Source material:
● ● ● ●

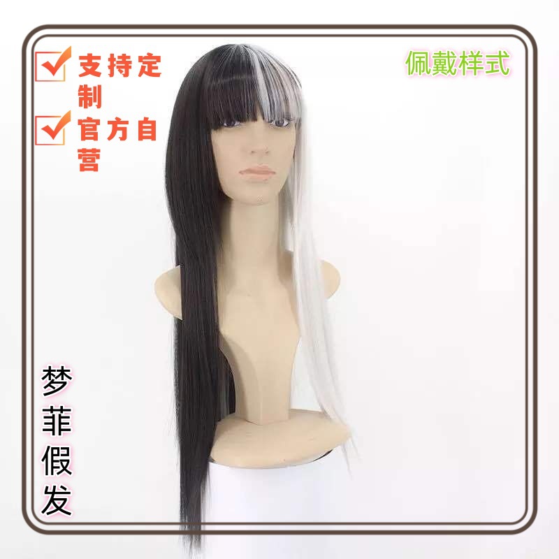 新しいかつらの女性の白黒の2色の長い髪のシミュレーションネットの赤い爆発のcosアニメのかつらの全髪の毛型のかつら
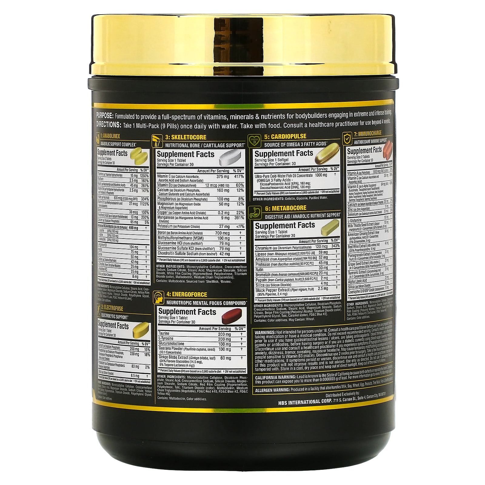 Objetivo: Formulado para fornecer um espectro completo de vitaminas e minerais & nutrientes para fisiculturistas envolvidos em treinos extremos e intensos.
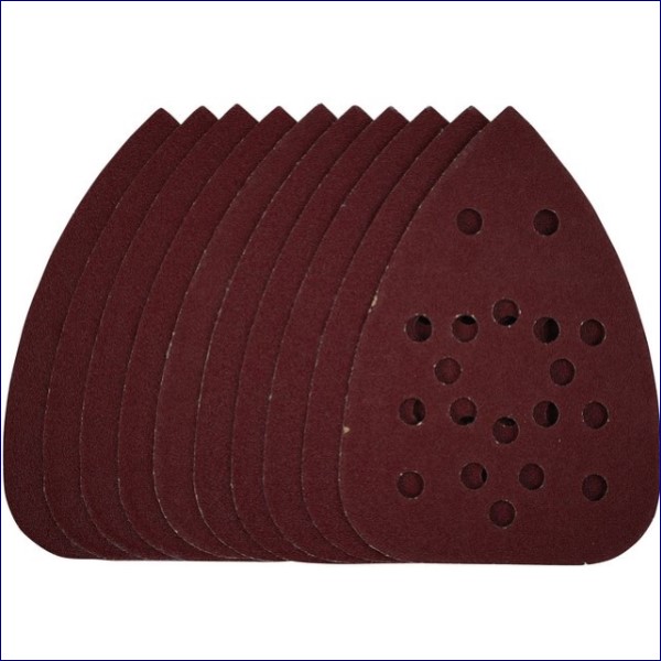 This pack of 140mm detail sanding sheets are made from premium quality aluminium oxide that is resin bonded to provide improved grain adhesion, anti-static qualities and long-lasting performance. The heavy-duty E-Weight backing paper makes the sanding sheet more durable – able to withstand the toughest jobs. The hook and loop backing offers decent adhesion to facilitate the fast changing of sanding sheets. The 19 pre-punched 8mm holes improve dust extraction. Ideal for sanding and finishing wood, metal, aluminium alloy, painted surfaces, plastic and fillers. Compatible with most detail sanders with 140mm hook and loop backing pads including Stock No. 02063.

● ● ● ●

Exercise directions: Here the job is to output the lines from the top of the listing through the line holding "Objetivo: Formulado para", word for word and without pictures.

Solution to this exercise:
 新しいかつらの女性の白黒の2色の長い髪のシミュレーションネットの赤い爆発のcosアニメのかつらの全髪の毛型のかつら
 Objetivo: Formulado para fornecer um espectro completo de vitaminas e minerais & nutrientes para fisiculturistas envolvidos em treinos extremos e intensos.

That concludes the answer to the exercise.